Before printing the listing, strip out its pictures and keep everything else exact.

=== INPUT DATA ===
::::::::

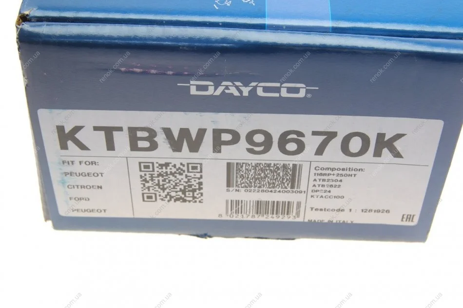 Комплект ременя ГРМ + водяна помпа DAYCO KTBWP9670K (1613561780KIT, 1761515KIT, 1855735KIT)
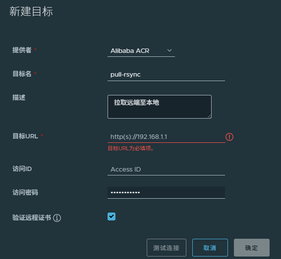 目标 URL | 填写 ACR 仓库地址(如阿里云 ACR 企业版地址https://registry.cn-hangzhou.aliyuncs.com) |
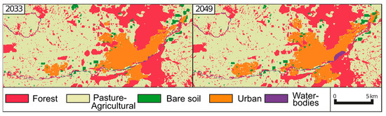 The results of the Markov chains and the Multi-criteria/multi-objective evaluation were used to simulate land use and cover for 2033 and 2049, with the transitions obtained between 2001 and 2017 used for the former and the transitions between 1985 and 2017 for the latter. Figure 4 shows the suitability maps for each objective evaluated, which correspond to each land use and land cover and where one can observe that, for the objective of urban suitability, the paired comparison matrix from the AHP allowed the weights or eigenvector for each factor analyzed to be obtained, with the distance from the main urban center and distance to the secondary urban center having a 74.5% impact (see Table 6).
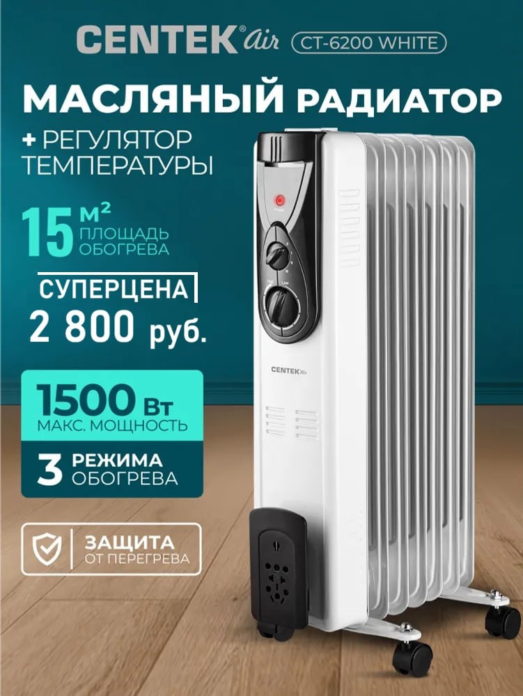✅ 🚩Масляный обогреватель CENTEK CT-6200 White — это идеальный выбор для создания комфортной атмосферы в вашем доме. С мощностью 1500 Вт и 7 секциями, он способен эффективно обогреть помещение площадью до 15 квадратных метров. Этот обогреватель обеспечивает равномерное распределение тепла и быстро создает уют в вашем жилище. 🚩 Суперцена - 2800 руб. 🟢 З режима работы - 700 / 1000 / 1500 Вт 🟢 Терморегулятор 🟢 Защита от перегрева 🟢 Площадь обогрева - 15 м2 🟢 Ножки в комплекте 📱Телефон: +7 (949) 301-08-41

::::::::

=== EXERCISE SOLUTION ===
 Комплект ременя ГРМ + водяна помпа DAYCO KTBWP9670K (1613561780KIT, 1761515KIT, 1855735KIT)
 目标 URL | 填写 ACR 仓库地址(如阿里云 ACR 企业版地址https://registry.cn-hangzhou.aliyuncs.com) |
 The results of the Markov chains and the Multi-criteria/multi-objective evaluation were used to simulate land use and cover for 2033 and 2049, with the transitions obtained between 2001 and 2017 used for the former and the transitions between 1985 and 2017 for the latter. Figure 4 shows the suitability maps for each objective evaluated, which correspond to each land use and land cover and where one can observe that, for the objective of urban suitability, the paired comparison matrix from the AHP allowed the weights or eigenvector for each factor analyzed to be obtained, with the distance from the main urban center and distance to the secondary urban center having a 74.5% impact (see Table 6).
✅ 🚩Масляный обогреватель CENTEK CT-6200 White — это идеальный выбор для создания комфортной атмосферы в вашем доме. С мощностью 1500 Вт и 7 секциями, он способен эффективно обогреть помещение площадью до 15 квадратных метров. Этот обогреватель обеспечивает равномерное распределение тепла и быстро создает уют в вашем жилище. 🚩 Суперцена - 2800 руб. 🟢 З режима работы - 700 / 1000 / 1500 Вт 🟢 Терморегулятор 🟢 Защита от перегрева 🟢 Площадь обогрева - 15 м2 🟢 Ножки в комплекте 📱Телефон: +7 (949) 301-08-41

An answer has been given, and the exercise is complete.